Using coupons the right way can save you money

Over the years, using grocery coupons has saved my family thousands of dollars. But, coupons can also cost you money, too, if you aren’t careful. Here are five questions that you should ask yourself before you use that coupon.

1. Even after using the coupon, will your usual brand or the store brand be less expensive?
Check the unit prices and bring a calculator if you aren’t great at doing quick sums in your head (I used to be before having three distracting kids). Many times the store brand is cheaper, even after applying a coupon to another brand.

2. Is the item likely to go on sale soon?

There is nothing better than combining a coupon with a loss leader sale. Sales on grocery items tend to come around on a regular basis, depending on the item. If you keep a price book, you should no if a product is likely to go on sale before your coupon expires.

3. Can you use the item or items before they go bad?

Some coupons require you to purchase multiple copies of the same product or products in combination. If you live alone, do your really need three large jars of mayonnaise, for example?

4. Does the deal require a lot of driving or effort on your part to use the coupon?

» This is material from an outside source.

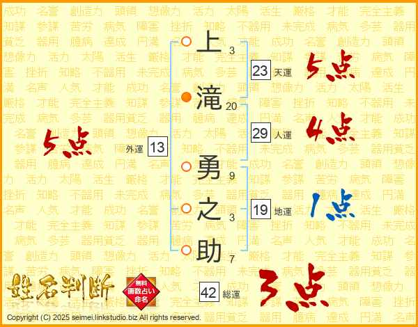 上(3画)滝(20画) 勇(9画)之(3画)助(7画)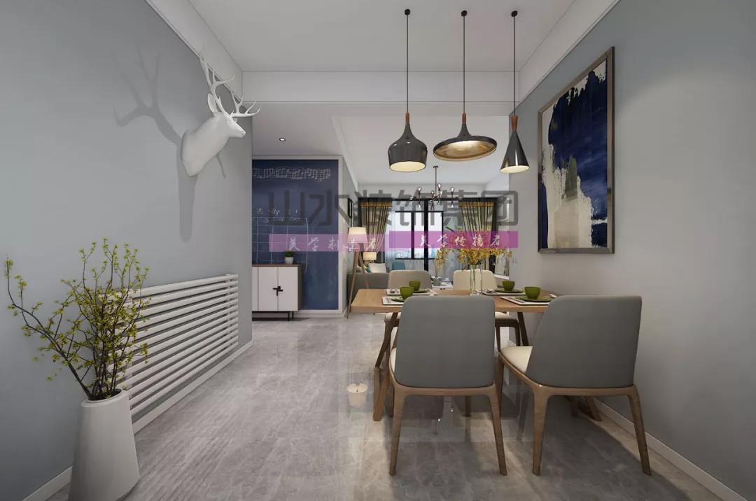共用式餐厅可改动空间不大,但装修风格一定要与厨房或客厅统一,不然整体感觉不协调,失去视觉上的美感。

If the coupon is only good at Target, but the nearest Target is a 20 minute drive, it might be better to pay a few extra cents at the store just around the corner. If you spend more money in gas than the coupon is worth, then you have lost out.

5. Are there any special promotions coming up when the coupon might be worth more?

Some examples of coupons being worth more later include double or triple coupon days, or in combination with other coupons (buy three General Mills products and get an extra $4 off)? There may also be clearance deals coming up. Have a coupon for plastic wrap? Use it right after Christmas when Red and green plastic wrap gets put on the clearance rack.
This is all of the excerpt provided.